In this notebook we will set up and run the app needed to run inference on the fine-tuned smallest (7B Parameter) Llama 2 model and show off the **AMASUM** project in action.

"To run this model you will need to make sure you are have at least one ***NVIDIA A100 GPU*** as you will need at least ***36GB of GPU Memory*** to allocate for loading the model for the app."

As well, make sure you have a **HuggingFace** account and set up access tokens to sign in to load the data and use the models.
https://huggingface.co/

You will also need to request access to Llama 2 to use the model.
https://ai.meta.com/resources/models-and-libraries/llama-downloads/



---

First we'll need to install all of our dependencies and import the necessary libraries.

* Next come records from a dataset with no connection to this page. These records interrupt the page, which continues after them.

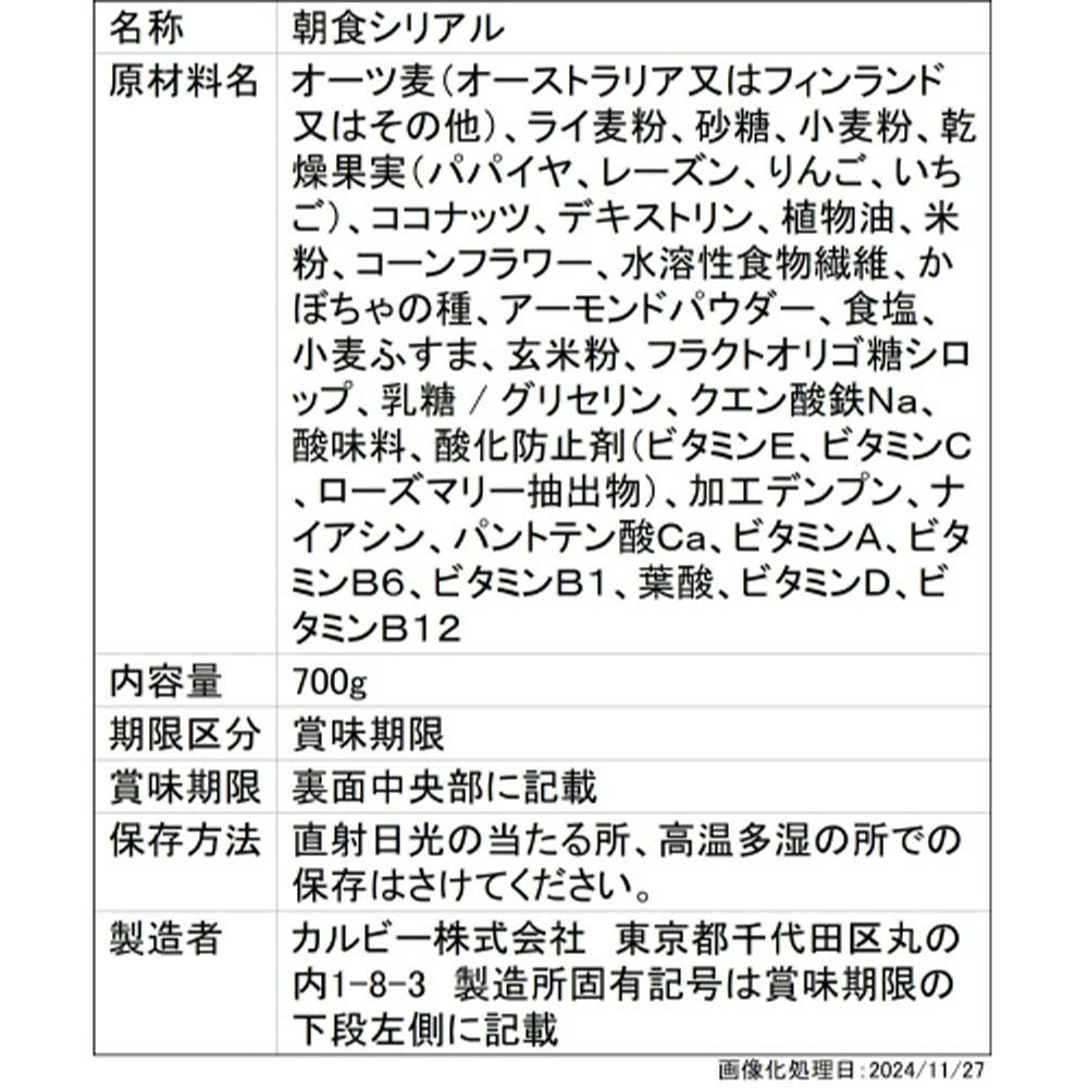 クザク食感のグラノーラとフルーツの酸味と甘みがひとさじで楽しめる朝食シリアル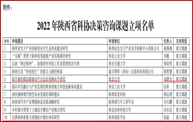 近日,陕西省科学技术协会公布了2022年度陕西省科协决策咨询课题立项名单,我院刘建仓副教授申报的课题获准重大课题立项,资助经费五万元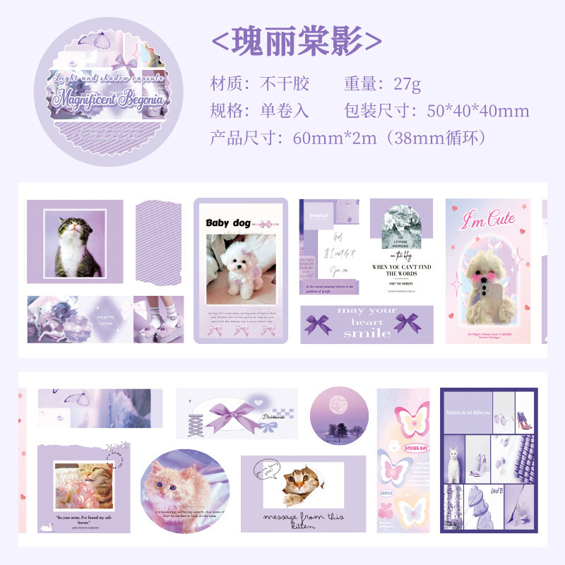 빛과 그림자 캡슐 투명 방수 애완 동물 테이프 DIY 손 계정 일기 장식 스티커 국경 간 복고풍 조경 손 계정 스티커스토어 가기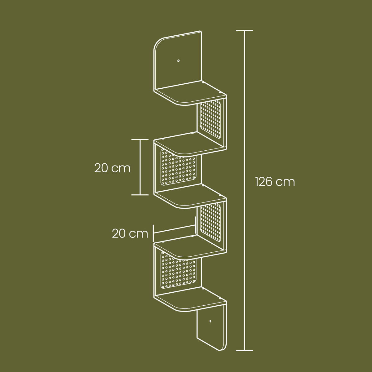 Hoekplank, wandplank 5 niveaus, zwevende plank 20 x 20 x 126 cm - LLSB35582B21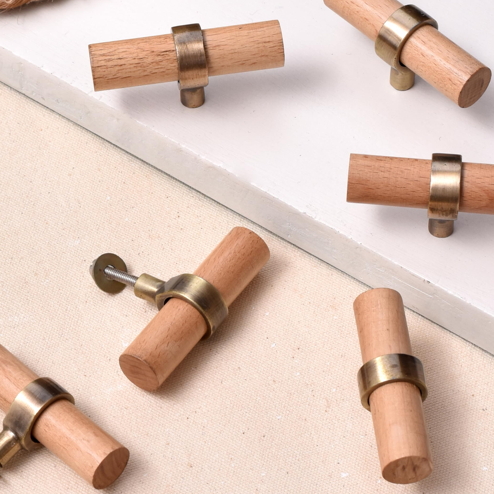 ลดกระหน่ำ! Dressers Mall ลูกบิดไม้แบบดึงอุปกรณ์ทองเหลืองสำหรับตู้ลิ้นชักประตูตู้เสื้อผ้าดีไซน์ใหม่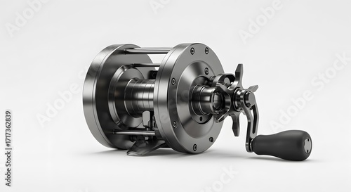 tackle, gear, angling, sportfishing, metal, aluminium, stainless steel, silver, grey, metallic, polished, shiny, industrial, robust, hard-wearing, precision, mechanism, technology, engineering, studio shot, white background, isolated, closeup, detail, high-quality, professional, clean, hobby, leisure, adventure, recreation, performance, accurateness, tool, accessory, fishing gear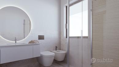 Due bagni con doccia, già completi di sanitari, di cui uno si affaccia su un balcone secondario di quasi 7 mq (esposto a sud): un respiro d'aria anche nella zona più intima della casa.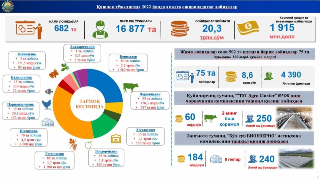 Prezidentimizning 2022-yil 28-yanvardagi “2022-2026-yillarga moʻljallangan Yangi Oʻzbekistonning strategiyasi toʻgʻrisida” gi farmoni ijrosi doirasida belgilangan vazifalar va maqsadlar asosida Toshkent viloyatining qishloq xoʻjaligi tarmoqlarida keng koʻlamli ishlar qilinadi. Qayd etilganidek, Prezidentimizning 2021-yil 23-noyabrdagi “Meva-sabzavotchilik va uzumchilikda oilaviy tadbirkorlikni rivojlantirish, qishloq xoʻjaligi ishlab chiqarishida dehqon xoʻjaliklarining ulushini oshirish chora-tadbirlari toʻgʻrisida” gi qaroriga asosan tumanlarda paxta va gʻalla maydonlarini qisqartirish hisobiga dehqon xoʻjaliklari tashkil etish va bu yilgi hosil uchun qishloq xoʻjaligi ekinlarini joylashtirish koʻrsatkichlarini oshirish kutilmoqda.

We will then set a parameter that will let our model know to use the GPU (DEVICE) when it is available.

---

In [1]:
#install dependencies
!pip install -Uqqq pip
!pip install -qqq torch
!pip install -qqq transformers
!pip install -qqq datasets
!pip install -qqq peft
!pip install -qqq bitsandbytes
!pip install -qqq trl
!pip install -qqq gradio
!pip install -qqq plotly


#import libraries
import gradio as gr
import plotly.graph_objects as go
import pandas as pd
import numpy as np
import torch

from pprint import pprint

from datasets import Dataset, load_dataset
from huggingface_hub import notebook_login
from peft import LoraConfig, PeftModel
from transformers import (
    AutoModelForCausalLM,
    AutoTokenizer,
    BitsAndBytesConfig,
    TrainingArguments,
)
from trl import SFTTrainer

# select device
DEVICE = "cuda:0" if torch.cuda.is_available() else "cpu"
# select base model
MODEL_NAME = "meta-llama/Llama-2-7b-hf"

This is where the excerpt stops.